**ASSIGNMENT**:
Return the entries below in their exact form, leaving the pictures out.
* * *
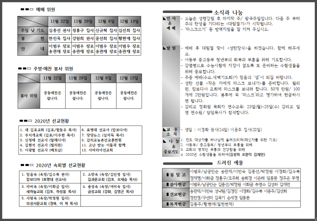 <자료> 2020년 11월 29일 주보 :: 다음 글
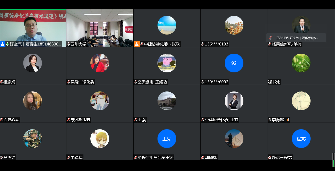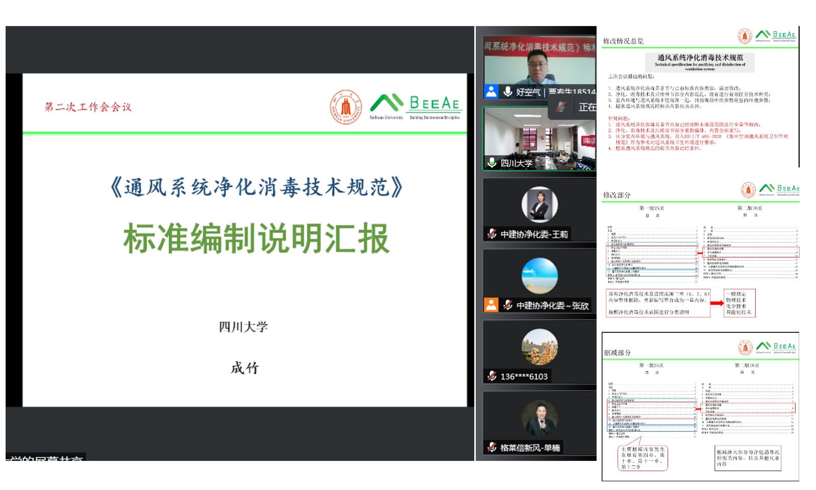 本次会议设立了2个线下会场,分别是金彩汇室内净化服务委员会秘书处办公室和四川大学建筑与环境学院会议室,进行了本次标准的汇报。
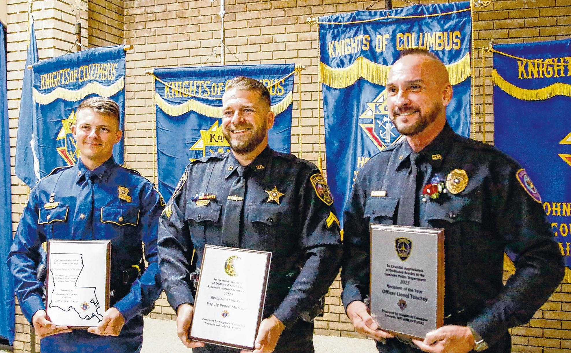 Honored by the Knights of Columbus as law officers of the year, from left, are Louisiana State Police Trooper Brennan Wolfe; Deputy Benoit Michaux, Ascension Parish Sheriffās Office and Officer Lionel Toncrey, Gonzales Police Department.
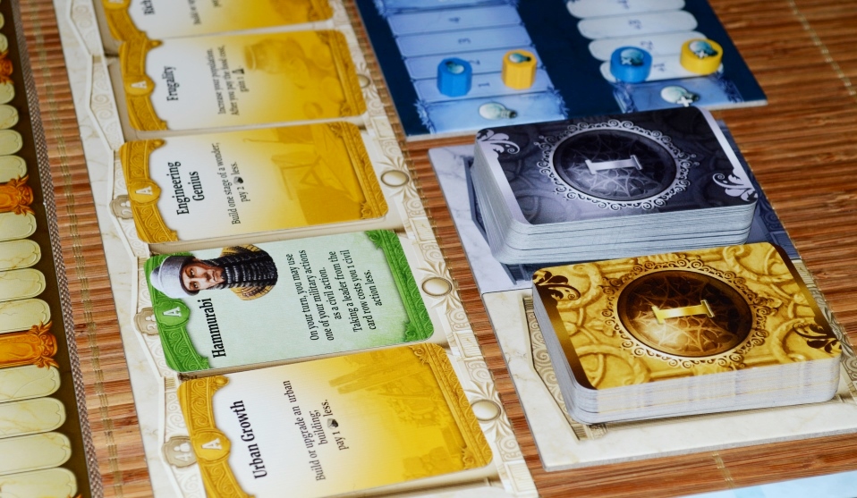 В центр стола помещается поле-рынок, куда выкладываются гражданские карты стартовой эпохи. Она продлится буквально пару раундов (даже полтора, т.к. первый урезан по числу доступных действий), после чего настанет время трёх полноценных эпох. Полноценных потому, что в них появятся военные колоды.
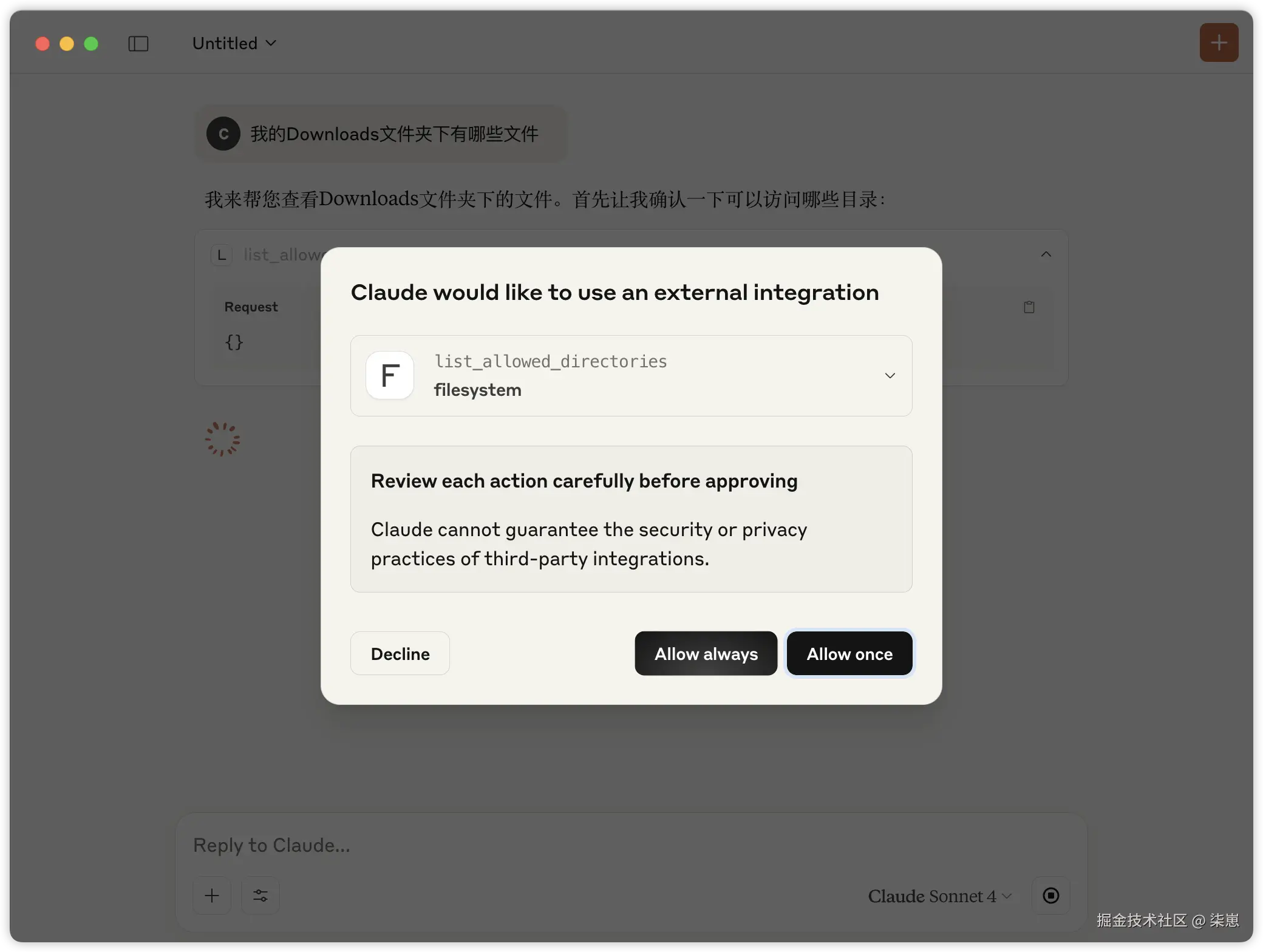 这样就会限制这个MCP服务只会操作修改我的Downloads文件夹下的文件,不会改其他的。
* * *
**YOUR SOLUTION**:
 <자료> 2020년 11월 29일 주보 :: 다음 글
 本次会议设立了2个线下会场,分别是金彩汇室内净化服务委员会秘书处办公室和四川大学建筑与环境学院会议室,进行了本次标准的汇报。
 Honored by the Knights of Columbus as law officers of the year, from left, are Louisiana State Police Trooper Brennan Wolfe; Deputy Benoit Michaux, Ascension Parish Sheriffās Office and Officer Lionel Toncrey, Gonzales Police Department.
 В центр стола помещается поле-рынок, куда выкладываются гражданские карты стартовой эпохи. Она продлится буквально пару раундов (даже полтора, т.к. первый урезан по числу доступных действий), после чего настанет время трёх полноценных эпох. Полноценных потому, что в них появятся военные колоды.
 这样就会限制这个MCP服务只会操作修改我的Downloads文件夹下的文件,不会改其他的。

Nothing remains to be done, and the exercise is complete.